Insurance of Office Holders
Our articles of association provide that, subject to the provisions of the Companies Law, we may enter into an insurance contract which would provide coverage for any monetary liability incurred by any of our office holders, with respect to an act performed in the capacity of an office holder for:
| a breach of his duty of care to us or to another person; |
| a breach of his duty of loyalty to us, provided that the office holder acted in good faith and had reasonable cause to assume that his act would not prejudice our interests; or |
| a financial liability imposed upon him in favor of another person. |
We obtained liability insurance covering our officers and directors.
Indemnification of Office Holders
Our articles of association provide that we may indemnify an office holder against:
| a financial liability imposed on or incurred by an office holder in favor of another person by any judgment, including a settlement or an arbitrator's award approved by a court concerning an act performed in his capacity as an office holder. Such indemnification may be approved (i) after the liability has been incurred or (ii) in advance, provided that the undertaking is limited to types of events which our board of directors deems to be foreseeable in light of our actual operations at the time of the undertaking and limited to an amount or criterion determined by our board of directors to be reasonable under the circumstances, and further provided that such events and amounts or criterion are set forth in the undertaking to indemnify; |
| reasonable litigation expenses, including attorney's fees, expended by the office holder as a result of an investigation or proceeding instituted against him by a competent authority, provided that such investigation or proceeding concluded without the filing of an indictment against him and either (A) concluded without the imposition of any financial liability in lieu of criminal proceedings or (B) concluded with the imposition of a financial liability in lieu of criminal proceedings but relates to a criminal offense that does not require proof of criminal intent; and |
| reasonable litigation expenses, including attorneys' fees, expended by the office holder or charged to him by a court, in proceedings instituted against him by or on our behalf or by another person, or in a criminal charge from which he was acquitted, or a criminal charge in which he was convicted for a criminal offense that does not require proof of intent, in each case relating to an act performed in his capacity as an office holder. |
We have undertaken to indemnify our directors and officers pursuant to applicable law.

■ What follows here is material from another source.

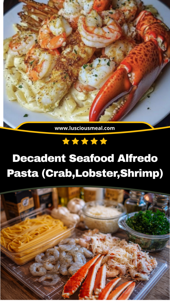 Decadent Seafood Alfredo Pasta with Crab, Lobster, and Shrimp – Restaurant-Quality Luxury at Home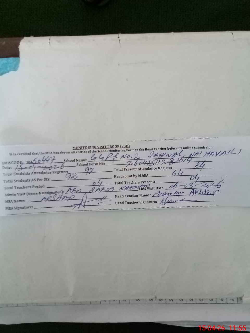 | Attendance Register | Head Teacher | MEA with School | Visit Proof |

Limitations on Exculpation, Insurance and Indemnification
The Companies Law provides that a company may not exculpate or indemnify an office holder, or enter into an insurance contract which would provide coverage for any monetary liability incurred as a result of any of the following:
| a breach by the office holder of his duty of loyalty unless, with respect to insurance coverage or indemnification, the office holder acted in good faith and had a reasonable basis to believe that the act would not prejudice the company; |
| a breach by the office holder of his duty of care if the breach was committed intentionally or recklessly; |
| any act or omission committed with the intent to derive an illegal personal benefit; or |
| any fine imposed on the office holder. |
In addition, under the Companies Law, exculpation of, indemnification of, or procurement of insurance coverage for, our office holders must be approved by our audit committee and our board of directors and, if the beneficiary is a director, by our shareholders. We have obtained such approvals for the procurement of liability insurance covering our officers and directors and for the grant of indemnification letters to our officers and directors and have granted amended and restated indemnification and exculpation letters to our directors and officers that require us to indemnify them to the fullest extent permitted by applicable law.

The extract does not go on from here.